Primary biliary cirrhosis (PBC) is an autoimmune liver disease characterized by destruction of the intrahepatic bile ducts. It is generally believed that cellular immune mechanisms, particularly involving T cells, result in this bile duct damage. The relative strength of Th1 and Th2 responses has recently been proposed to be an important factor in the pathophysiology of various autoimmune diseases. In this study, we have attempted to identify the Th subset balance in PBC, by detection of cytokines specific to the two T-cell subsets, i.e., interferon γ (IFN-γ) for Th1 cells and interleukin-4 (IL-4) for Th2 cells.
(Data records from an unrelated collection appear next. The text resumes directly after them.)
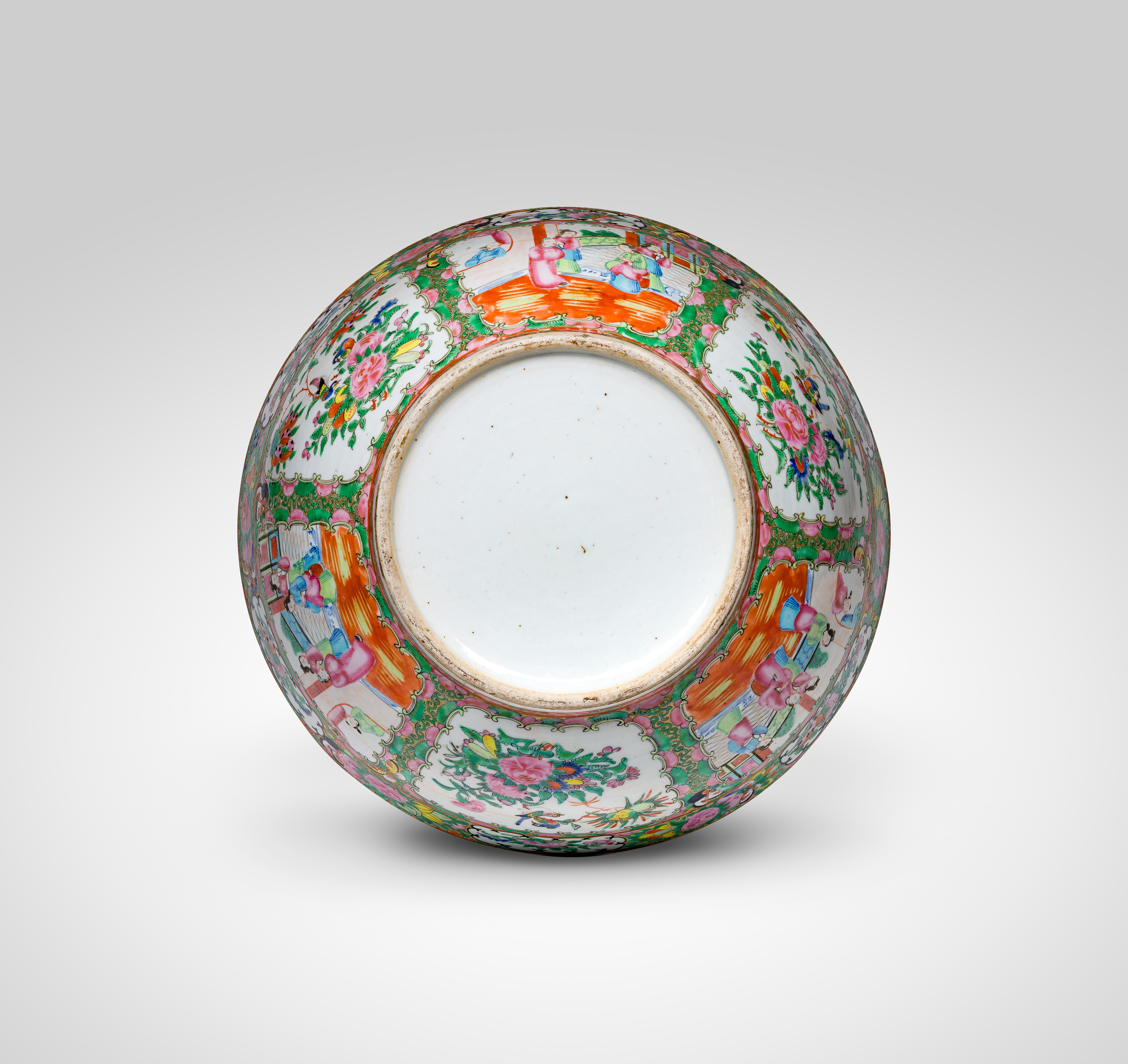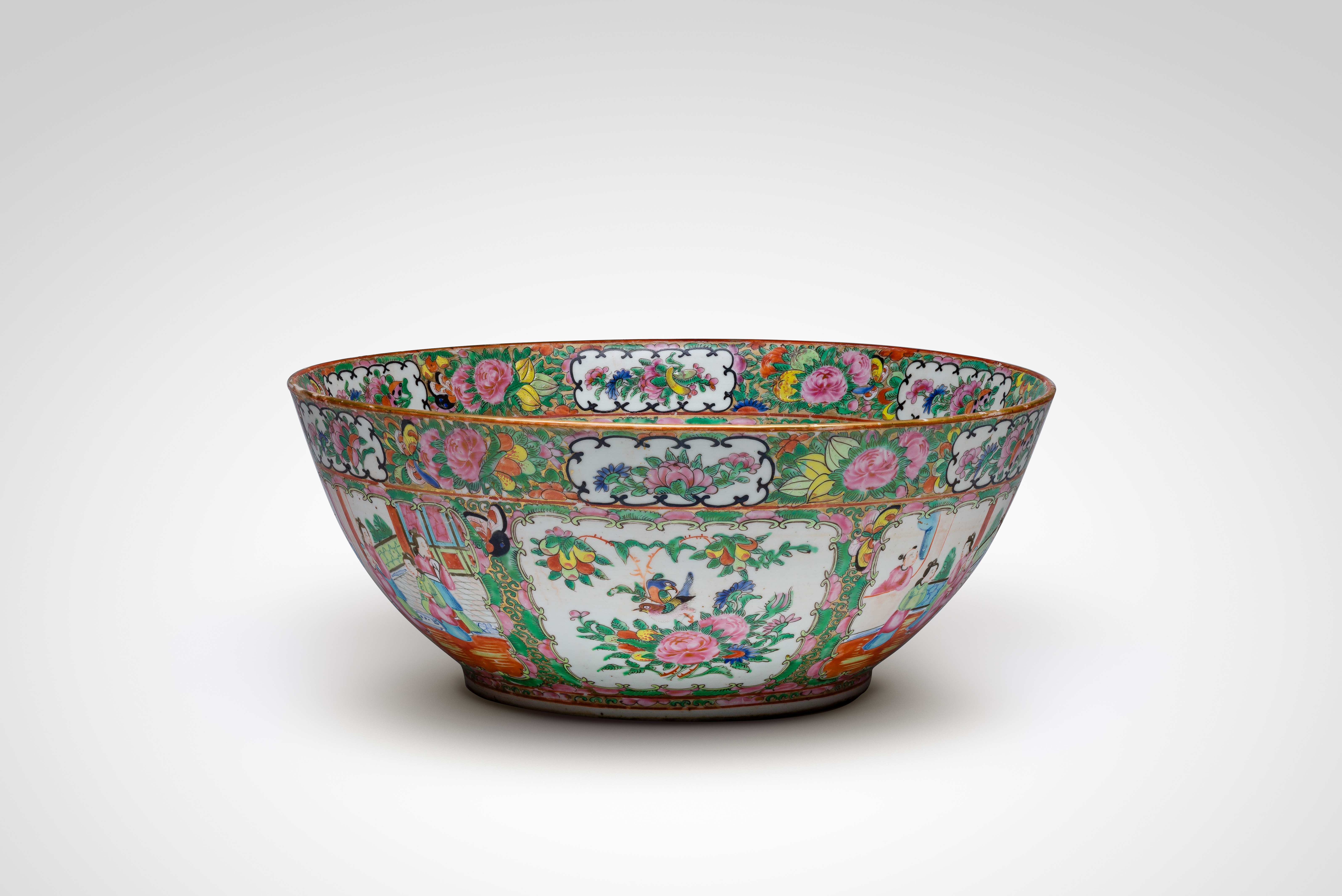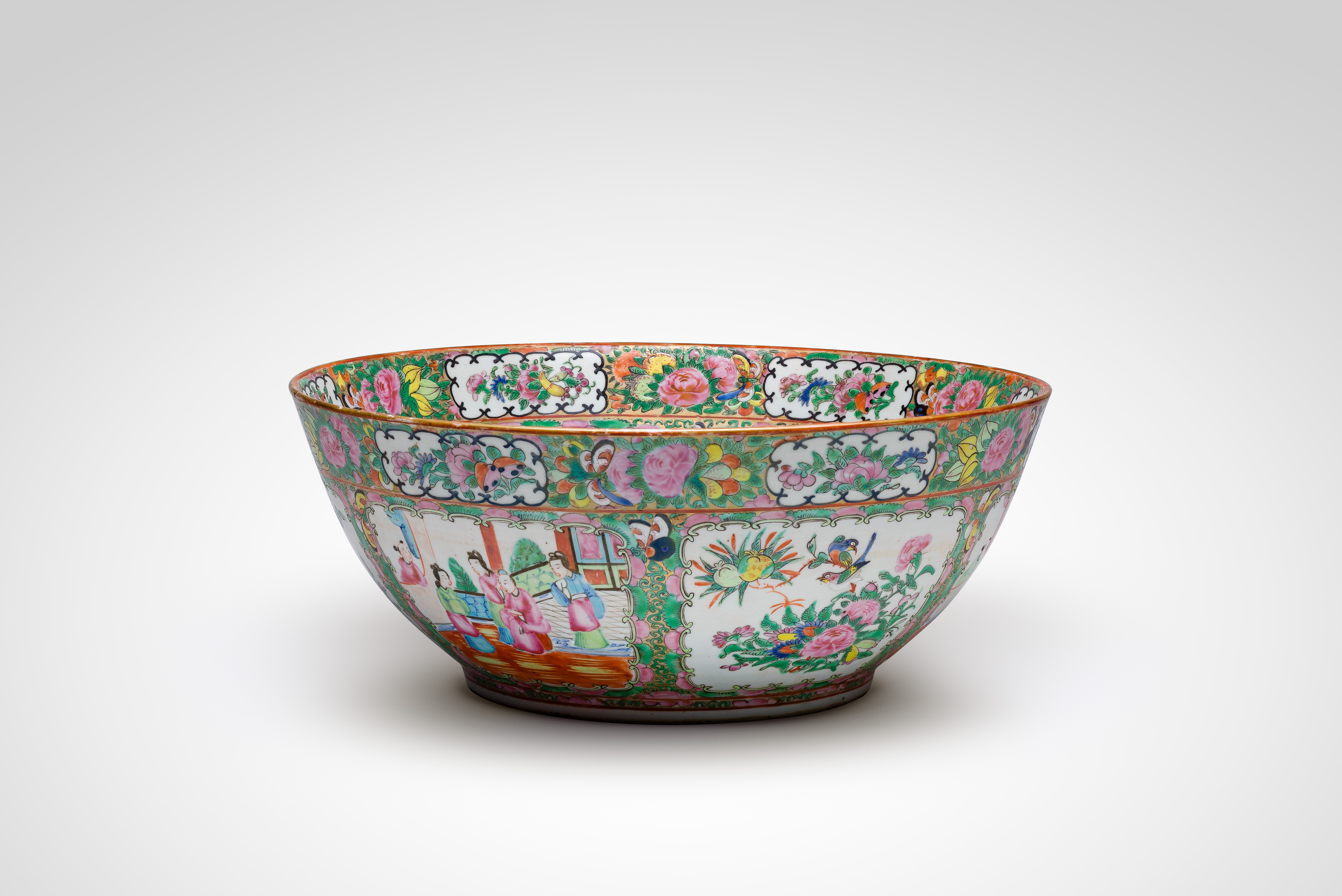 Having alternating panels of courtly figures, birds and peonies to interior and exterior, unmarked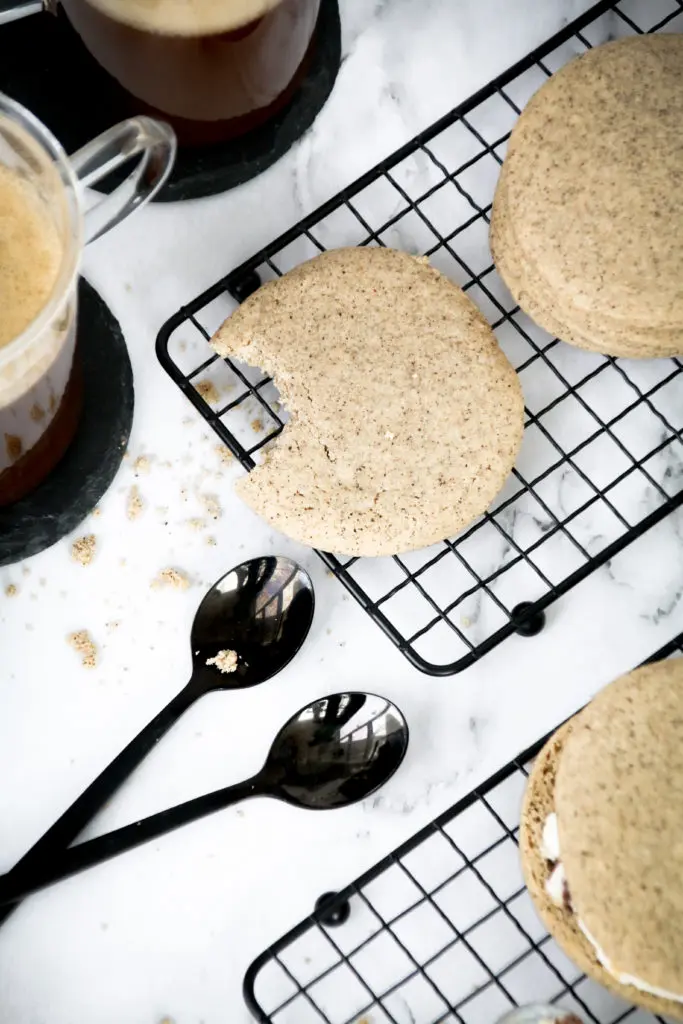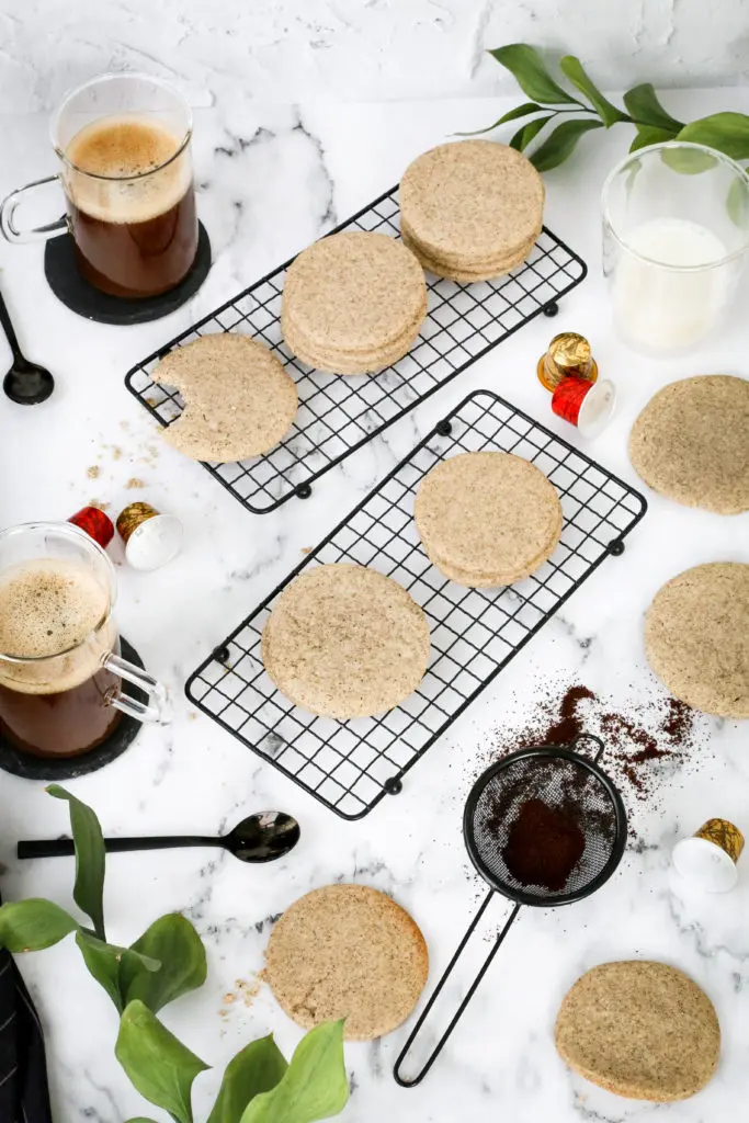 Já þið lásuð rétt duftið er notað í kökurnar og trúið mér það gerir töfra. Milt og gott kaffibragðið læðist í gegnum stökkar kökurnar með mjúkri miðjunni.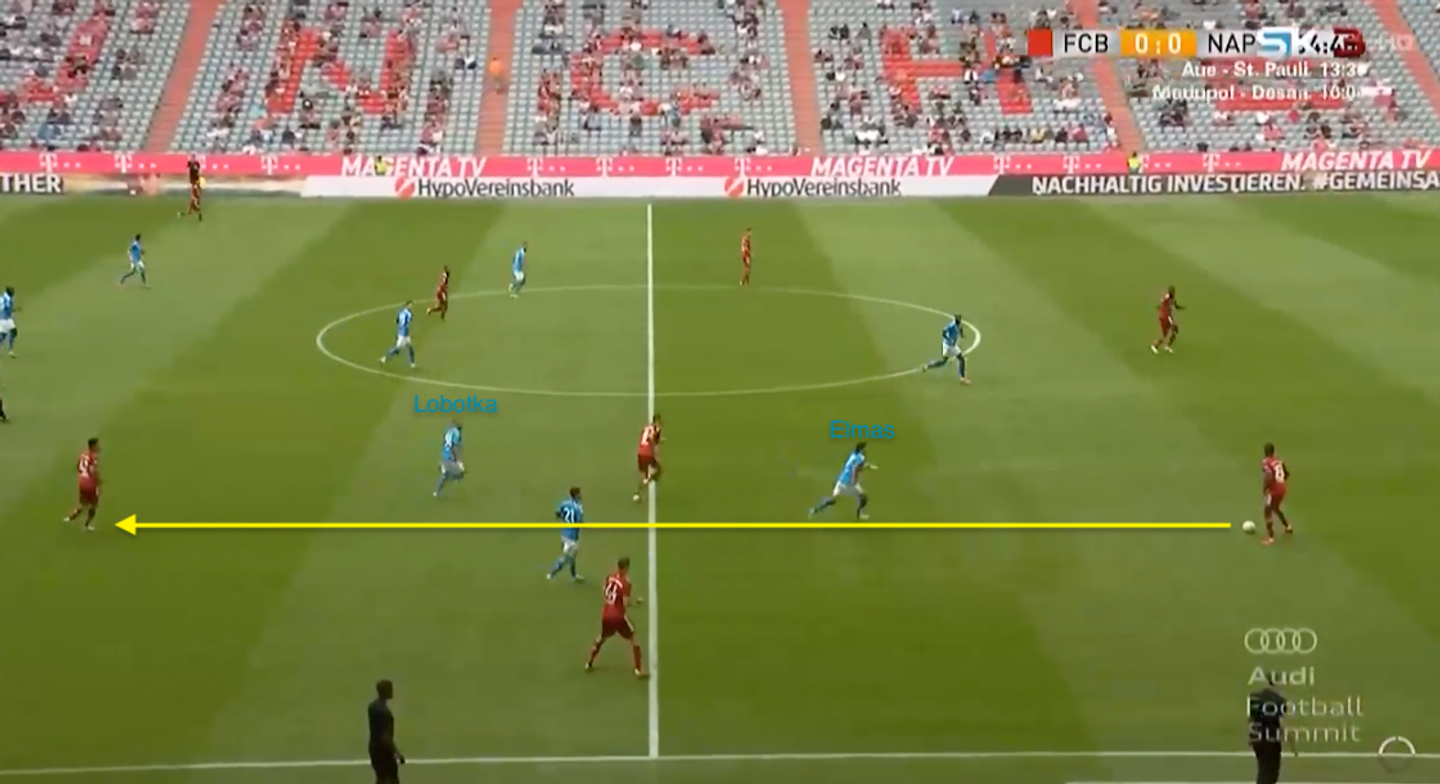 Le occasioni per attaccare in campo lungo non mancheranno al Napoli. Nel precampionato e di partita in partita, il Napoli ha cambiato atteggiamento, passando per un controllo ossessivo degli spazi contro avversari di blasone, come il Bayern; oppure ha optato per tentativi di recupero alto del pallone contro avversari più abbordabili, come l’Ascoli. Non è che contro il Bayern il Napoli non abbia provato a pressare, ma è sembrato che i trigger, gli eventi che scatenano la pressione, non fossero stati compresi allo stesso modo da tutti i giocatori. Ne è venuta fuori una pressione disarmonica, facile per il Bayern da bucare. Spalletti a un certo punto dalla panchina ha chiesto di smettere di tentare, e di restare piuttosto stretti e bassi in controllo della zona centrale del campo. Anche contro il Wisla, squadra che ha già iniziato il proprio campionato ed è più avanti nella preparazione, il Napoli ha spesso preferito cedere il controllo della palla.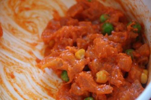 2鸡肉丁中加入青豆和玉米粒,撒上奥尔良腌料腌制2小时以上。
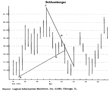 Рис. 1.31 Хотя цены поднялись выше ТО-линяи предложения А-В, на следующий день цена в момент открытия была ниже цены закрытия в день прорыва и затем продолжала падать, опустившись ниже нисходящей линии А-В. Такая динамика цен делает прорыв недействительным.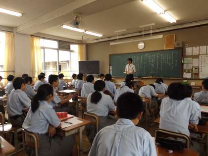 1限は教科授業,2限は道徳を行いました。写真は,3年数学・2年道徳・1年道徳の授業の様子です。また3限には体育館にて,非行防止教室を実施しました。非行防止教室には保護者の方にもご参加いただきました。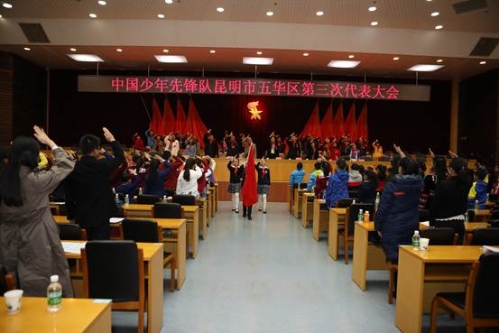 2019年1月14日下午,中国少年先锋队昆明市五华区第三次代表大会胜利闭幕。大会审议通过了张媛同志代表少先队五华区第二届工作委员会所作的《不忘初心 牢记嘱托 培育新时代好队员 为建设区域性国际中心城市高品质核心区时刻准备着》的工作报告,回顾总结了五华区第二次少代会以来的少先队工作,选举产生了新一届少工委,确定了今后三年我区少先队工作的目标和任务。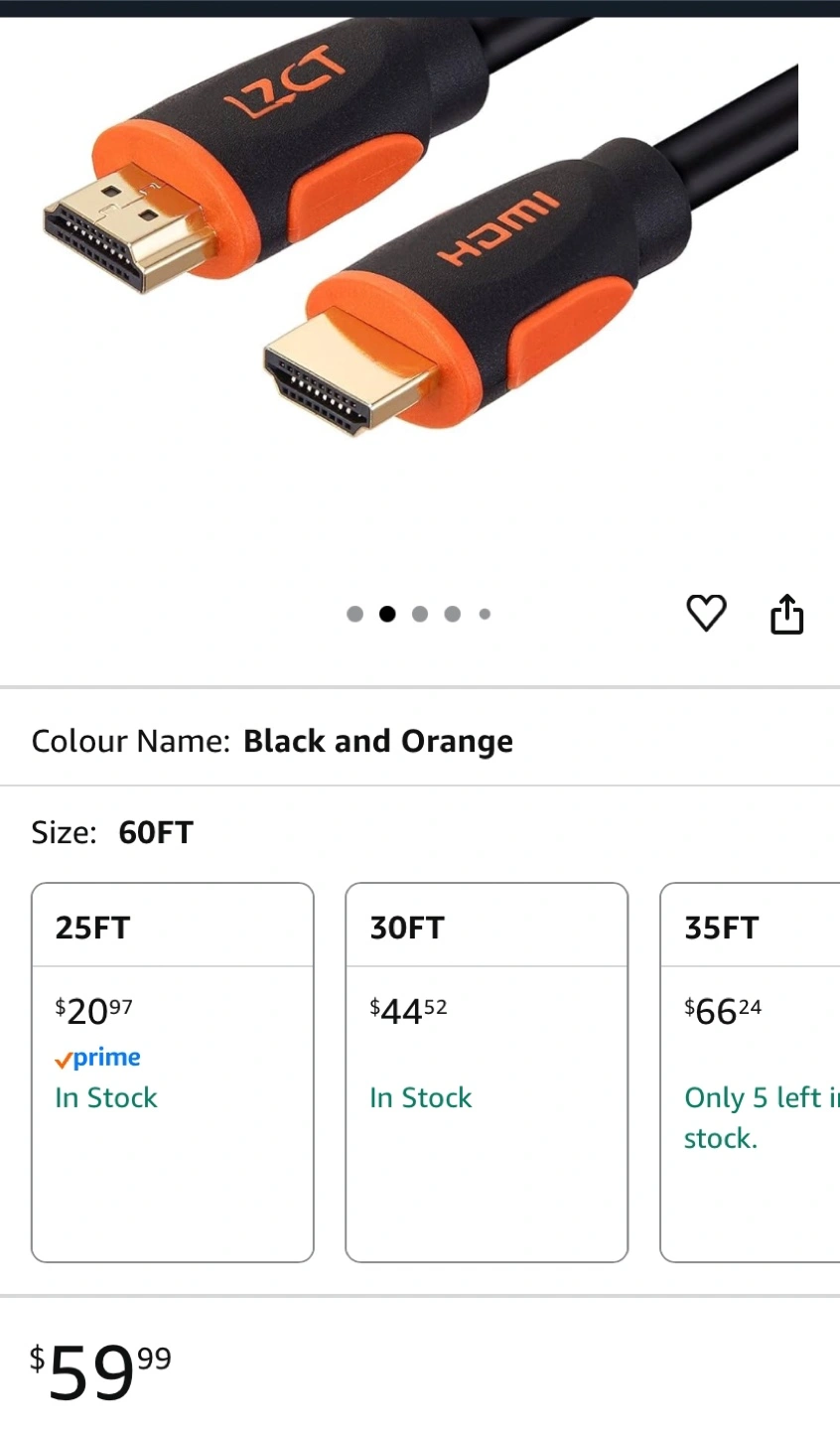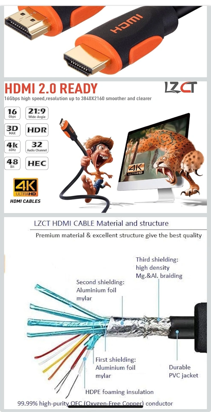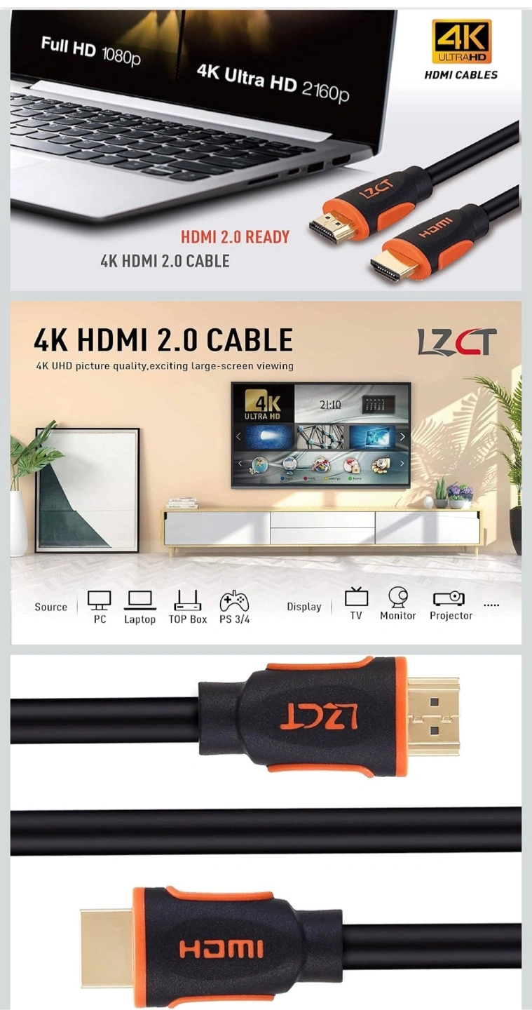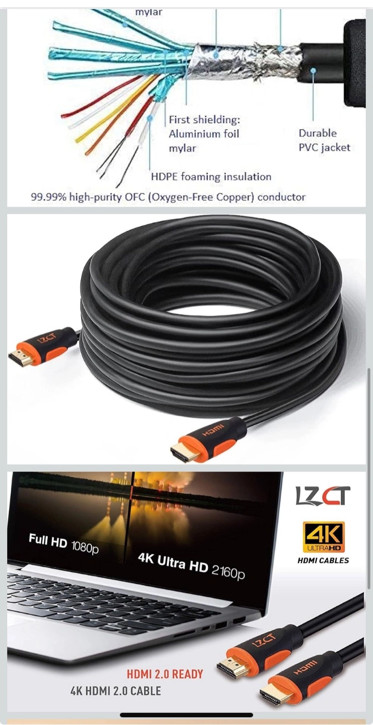 Selling a LZCT 4K HDMI 2.0 cable. It supports 4K Ultra HD 2160p resolution, ensuring a sharper and clearer picture. The cable is HDMI 2.0 ready and provides a high-speed connection up to 3840x2160. It also features a durable PVC jacket and 99.99% high-purity OFC (Oxygen-Free Copper) conductor for excellent signal transmission

We analyzed IFN-γ and IL-4 messenger RNA (mRNA) positive cells in liver sections from 18 patients with PBC and 35 disease controls including chronic active hepatitis C, extrahepatic biliary obstruction (EBO), and normal liver, using nonisotopic in situ hybridization and immunohistochemistry. Mononuclear cells expressing IFN-γ and IL-4 mRNA were aggregated in inflamed portal tracts in PBC livers, but were rarely present in extrahepatic biliary obstruction, alcoholic fibrosis, or normal liver sections. The IFN-γ and IL-4 mRNA positive cells in PBC livers were detected in significantly higher numbers than in control livers (P <.01). Moreover, IFN-mRNA expression was more commonly detected than IL-4 expression in PBC livers, and the levels of IFN-γ mRNA expression were highly correlated with the degree of portal inflammatory activity. IFN- γ mRNA-positive cells were detected primarily around damaged bile ducts that were surrounded by lymphoid aggregates. The data indicate that Th1 cells are the more prominent T-cell subset in the lymphoid infiltrates in PBC.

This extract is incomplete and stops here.